Using the listing below, print the line containing "- Easy to Use", the line containing "٦٧٦٠٥ - عن سعيد", and each line between them, exactly and nothing else. Pictures stay out of the print.

## Available data:
══════
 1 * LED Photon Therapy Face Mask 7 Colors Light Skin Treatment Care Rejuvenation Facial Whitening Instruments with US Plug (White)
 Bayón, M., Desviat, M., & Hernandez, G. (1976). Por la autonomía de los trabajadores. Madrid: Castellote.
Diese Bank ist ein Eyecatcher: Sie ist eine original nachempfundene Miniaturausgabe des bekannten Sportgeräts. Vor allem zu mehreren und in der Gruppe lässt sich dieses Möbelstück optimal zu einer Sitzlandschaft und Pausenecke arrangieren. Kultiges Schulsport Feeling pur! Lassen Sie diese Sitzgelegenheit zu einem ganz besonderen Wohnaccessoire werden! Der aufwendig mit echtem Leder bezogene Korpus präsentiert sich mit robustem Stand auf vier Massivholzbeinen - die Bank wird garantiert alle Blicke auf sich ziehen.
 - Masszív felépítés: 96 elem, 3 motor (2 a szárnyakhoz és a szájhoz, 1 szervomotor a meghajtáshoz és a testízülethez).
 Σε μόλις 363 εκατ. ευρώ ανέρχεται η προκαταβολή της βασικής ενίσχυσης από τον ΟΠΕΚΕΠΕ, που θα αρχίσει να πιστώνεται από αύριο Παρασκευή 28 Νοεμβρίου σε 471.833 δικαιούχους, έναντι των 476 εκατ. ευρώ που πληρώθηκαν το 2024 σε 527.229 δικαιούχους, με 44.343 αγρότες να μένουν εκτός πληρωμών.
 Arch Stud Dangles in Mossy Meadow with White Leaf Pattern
══════
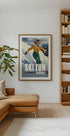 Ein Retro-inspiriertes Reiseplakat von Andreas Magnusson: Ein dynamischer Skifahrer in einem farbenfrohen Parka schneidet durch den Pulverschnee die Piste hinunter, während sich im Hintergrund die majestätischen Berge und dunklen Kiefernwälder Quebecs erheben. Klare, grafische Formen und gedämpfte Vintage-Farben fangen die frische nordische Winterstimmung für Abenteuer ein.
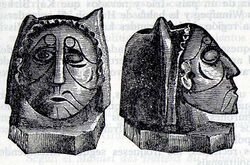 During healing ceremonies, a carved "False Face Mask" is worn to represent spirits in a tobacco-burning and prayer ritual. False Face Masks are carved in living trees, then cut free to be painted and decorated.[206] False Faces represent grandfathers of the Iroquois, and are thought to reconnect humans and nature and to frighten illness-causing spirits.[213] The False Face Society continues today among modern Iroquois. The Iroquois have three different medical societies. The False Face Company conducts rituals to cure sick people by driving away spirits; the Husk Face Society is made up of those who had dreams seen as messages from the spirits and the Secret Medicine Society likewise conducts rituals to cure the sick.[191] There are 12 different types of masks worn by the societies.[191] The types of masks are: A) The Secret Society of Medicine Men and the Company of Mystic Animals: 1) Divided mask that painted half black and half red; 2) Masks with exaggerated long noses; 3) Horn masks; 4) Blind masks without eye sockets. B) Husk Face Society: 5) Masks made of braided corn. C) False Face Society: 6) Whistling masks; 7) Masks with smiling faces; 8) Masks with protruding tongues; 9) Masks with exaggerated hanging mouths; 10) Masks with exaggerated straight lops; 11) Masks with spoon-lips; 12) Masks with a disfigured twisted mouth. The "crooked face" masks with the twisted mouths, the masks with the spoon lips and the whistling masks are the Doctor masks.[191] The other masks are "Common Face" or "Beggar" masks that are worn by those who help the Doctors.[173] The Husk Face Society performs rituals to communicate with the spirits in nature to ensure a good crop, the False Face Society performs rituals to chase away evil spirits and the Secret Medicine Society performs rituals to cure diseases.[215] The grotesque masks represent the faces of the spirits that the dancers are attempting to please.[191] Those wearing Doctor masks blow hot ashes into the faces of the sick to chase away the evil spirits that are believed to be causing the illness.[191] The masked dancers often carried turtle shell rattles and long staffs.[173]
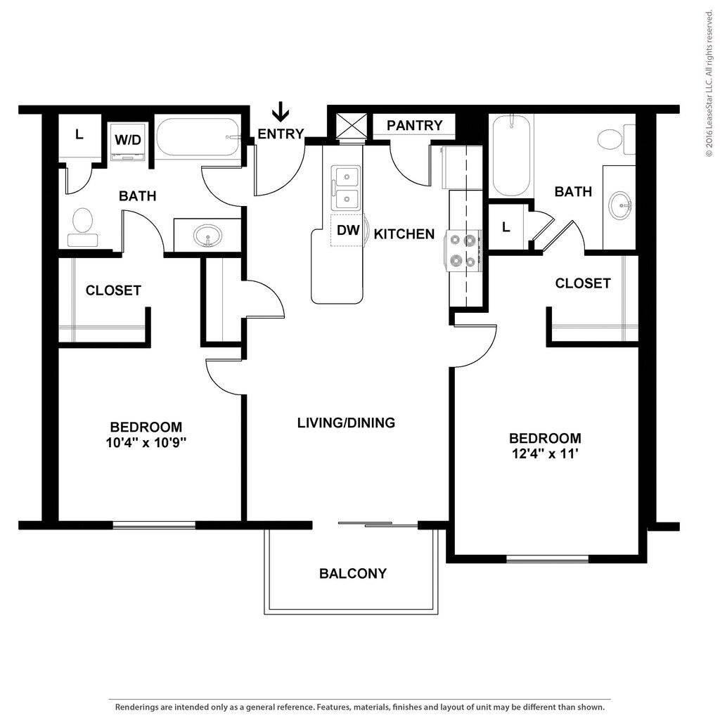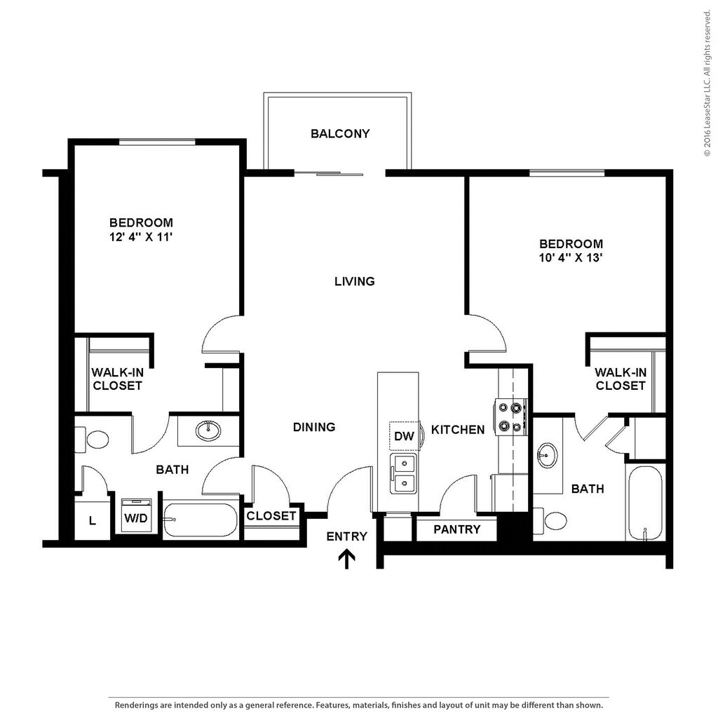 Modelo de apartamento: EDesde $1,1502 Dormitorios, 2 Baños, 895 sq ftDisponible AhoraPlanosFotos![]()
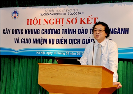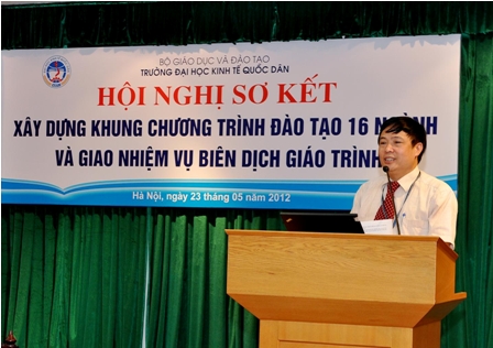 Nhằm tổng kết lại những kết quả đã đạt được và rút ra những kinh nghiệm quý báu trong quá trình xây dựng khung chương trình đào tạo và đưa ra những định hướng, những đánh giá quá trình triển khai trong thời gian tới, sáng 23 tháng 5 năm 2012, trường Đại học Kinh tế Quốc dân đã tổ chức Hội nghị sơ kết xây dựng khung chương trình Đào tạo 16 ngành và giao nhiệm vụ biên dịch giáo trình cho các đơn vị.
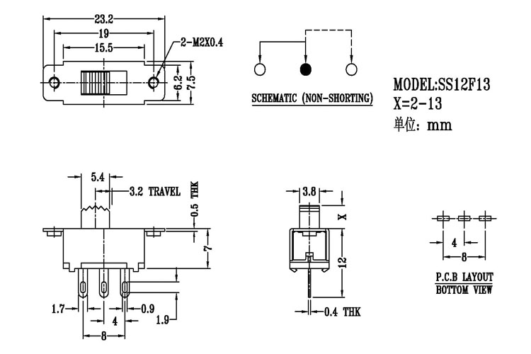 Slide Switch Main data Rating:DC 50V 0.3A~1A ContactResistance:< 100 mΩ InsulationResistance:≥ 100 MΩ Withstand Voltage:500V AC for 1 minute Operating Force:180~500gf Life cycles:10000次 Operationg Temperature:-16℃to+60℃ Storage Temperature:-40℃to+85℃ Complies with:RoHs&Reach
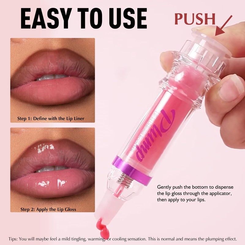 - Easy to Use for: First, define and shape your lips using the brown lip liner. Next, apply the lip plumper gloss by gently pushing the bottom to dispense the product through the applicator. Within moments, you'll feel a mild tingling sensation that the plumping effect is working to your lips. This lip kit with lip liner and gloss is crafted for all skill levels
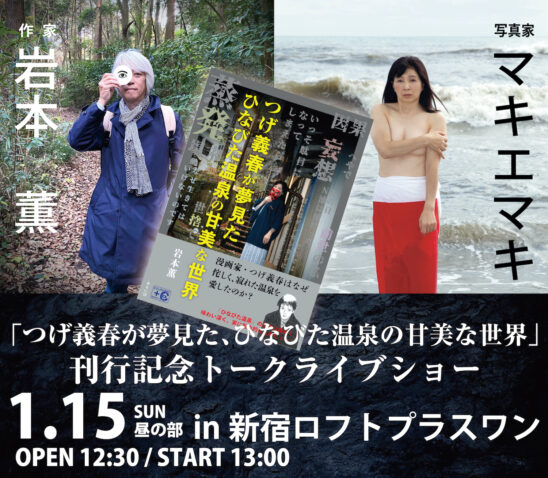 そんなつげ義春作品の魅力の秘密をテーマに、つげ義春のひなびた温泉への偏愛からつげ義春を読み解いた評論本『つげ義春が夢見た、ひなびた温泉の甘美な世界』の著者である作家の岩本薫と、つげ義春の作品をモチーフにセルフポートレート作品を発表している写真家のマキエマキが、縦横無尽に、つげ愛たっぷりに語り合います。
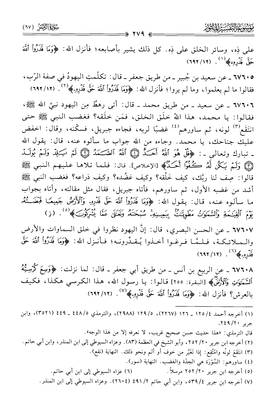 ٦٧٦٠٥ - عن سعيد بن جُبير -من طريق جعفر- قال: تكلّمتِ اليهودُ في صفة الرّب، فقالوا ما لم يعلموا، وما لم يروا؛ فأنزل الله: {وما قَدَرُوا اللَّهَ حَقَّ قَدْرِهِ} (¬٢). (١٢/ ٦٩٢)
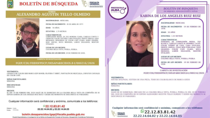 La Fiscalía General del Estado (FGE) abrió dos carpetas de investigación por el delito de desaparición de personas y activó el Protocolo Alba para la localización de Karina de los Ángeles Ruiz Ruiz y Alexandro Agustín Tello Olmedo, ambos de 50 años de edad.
══════
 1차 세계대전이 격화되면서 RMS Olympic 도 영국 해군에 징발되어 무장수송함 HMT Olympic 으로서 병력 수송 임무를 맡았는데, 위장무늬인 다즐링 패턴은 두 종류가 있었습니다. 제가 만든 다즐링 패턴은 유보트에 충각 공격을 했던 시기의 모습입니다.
══════
## Solution for this problem:
 - Easy to Use for: First, define and shape your lips using the brown lip liner. Next, apply the lip plumper gloss by gently pushing the bottom to dispense the product through the applicator. Within moments, you'll feel a mild tingling sensation that the plumping effect is working to your lips. This lip kit with lip liner and gloss is crafted for all skill levels
 そんなつげ義春作品の魅力の秘密をテーマに、つげ義春のひなびた温泉への偏愛からつげ義春を読み解いた評論本『つげ義春が夢見た、ひなびた温泉の甘美な世界』の著者である作家の岩本薫と、つげ義春の作品をモチーフにセルフポートレート作品を発表している写真家のマキエマキが、縦横無尽に、つげ愛たっぷりに語り合います。
 ٦٧٦٠٥ - عن سعيد بن جُبير -من طريق جعفر- قال: تكلّمتِ اليهودُ في صفة الرّب، فقالوا ما لم يعلموا، وما لم يروا؛ فأنزل الله: {وما قَدَرُوا اللَّهَ حَقَّ قَدْرِهِ} (¬٢). (١٢/ ٦٩٢)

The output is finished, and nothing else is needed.